Financing for the research study was supplied by the National Science Foundation and the David and Lucile Packard Foundation.

A sampling of snake diversity. These types show significant irregularity in their diets, ranging from generalist predators on vertebrates (rainbow boa, anaconda) to species that specialize on sleeping lizards (tree snake), earthworms (worm snake), and tree frogs (parrot snake).
Snake specimen from U-Ms Museum of Zoology. The American pipeline snake (Anilius scytale) is harmless but is frequently mistaken for dangerously venomous coral snakes. The American pipe snake (Anilius scytale) is safe but is regularly misinterpreted for alarmingly venomous coral snakes.

A sampling of snake diversity. Clockwise from upper left: rainbow boa (Epicrates cenchria), image credit Pascal Title, U-M Museum of Zoology; Amazon basin tree snake (Imantodes lentiferus), image credit Pascal Title, U-M Museum of Zoology; western worm snake (Carphophis vermis), image credit Alison Rabosky, U-M Museum of Zoology; two-striped forest pitviper (Bothrops bilineatus), image credit Dan Rabosky, U-M Museum of Zoology; parrot snake (Leptophis ahaetulla), image credit Ivan Prates, U-M Museum of Zoology; and green anaconda (Eunectes murinus), image credit Dan Rabosky, U-M Museum of Zoology These types show significant irregularity in their diets, ranging from generalist predators on vertebrates (rainbow boa, anaconda) to types that specialize on sleeping lizards (tree snake), earthworms (worm snake), and tree frogs (parrot snake).

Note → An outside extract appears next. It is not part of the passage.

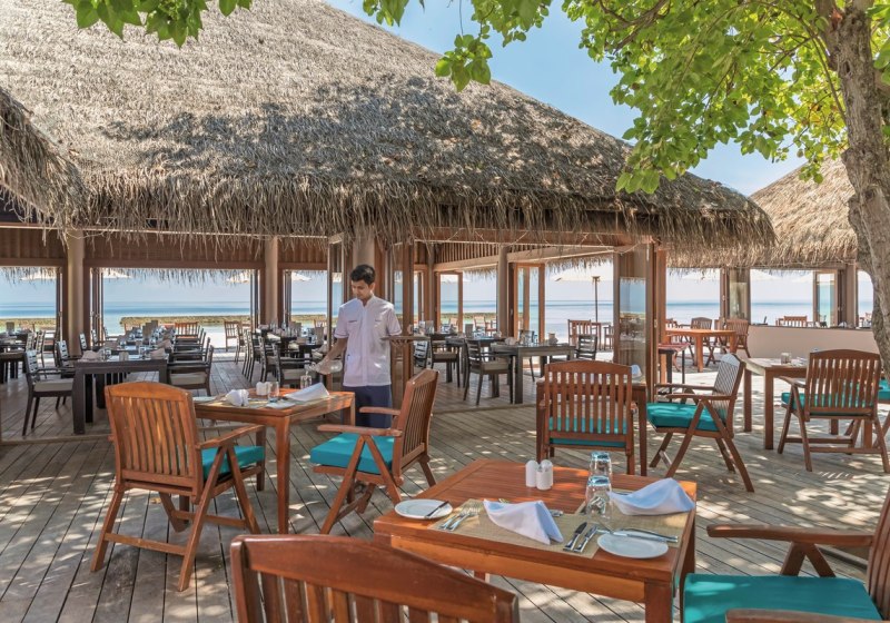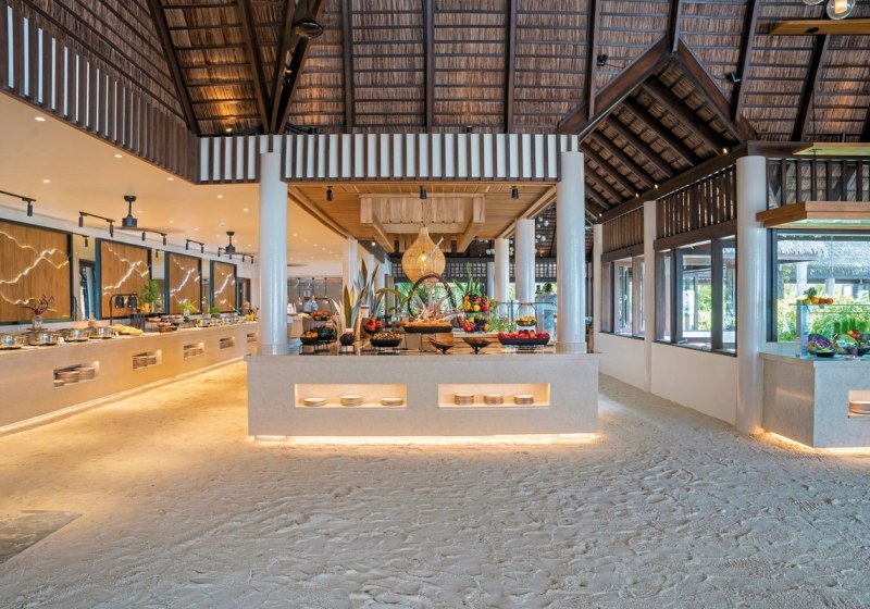 Im Dhonveli erwartet Euch ein vielseitiges Buffet, während das Raahlu den Fokus auf Fisch und Meeresfrüchte legt. Das Madivaru ergänzt mit À-la-carte-Erlebnissen, darunter Teppanyaki am Tisch. Zwei Bars – Raalhu und Thundi – rhythmisieren den Tag vom Nachmittagsdrink bis zum abendlichen Ausklang.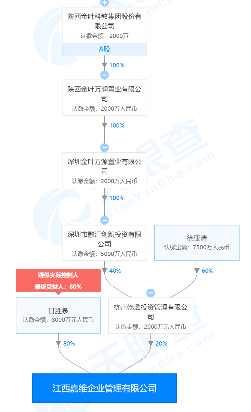 江西嘉维成立时间为2019年6月19日,注册资本1亿元。天眼查显示,甘胜泉持股80%,杭州乾璐投资管理有限公司(下称乾璐投资)持股20%,而乾璐投资又是由徐亚清持股60%,由深圳市融汇创新投资有限公司持股40%。再往上追溯,深圳市融汇创新投资有限公司又是由上市公司陕西金叶(000812.SZ)100%持有。

Modern snakes progressed from forefathers that lived side by side with the dinosaurs which most likely fed generally on lizards and insects.
A miles-wide asteroid cleaned out almost all the dinosaurs and roughly three-quarters of the planets plant and animal species 66 million years back, setting the stage for the amazing diversity of mammals and birds that followed in the early Cenozoic Era.
A new University of Michigan research study reveals that early snakes profited from that ecological chance and the assortment that it provided, quickly and repeatedly progressing unique dietary adaptations and prey choices.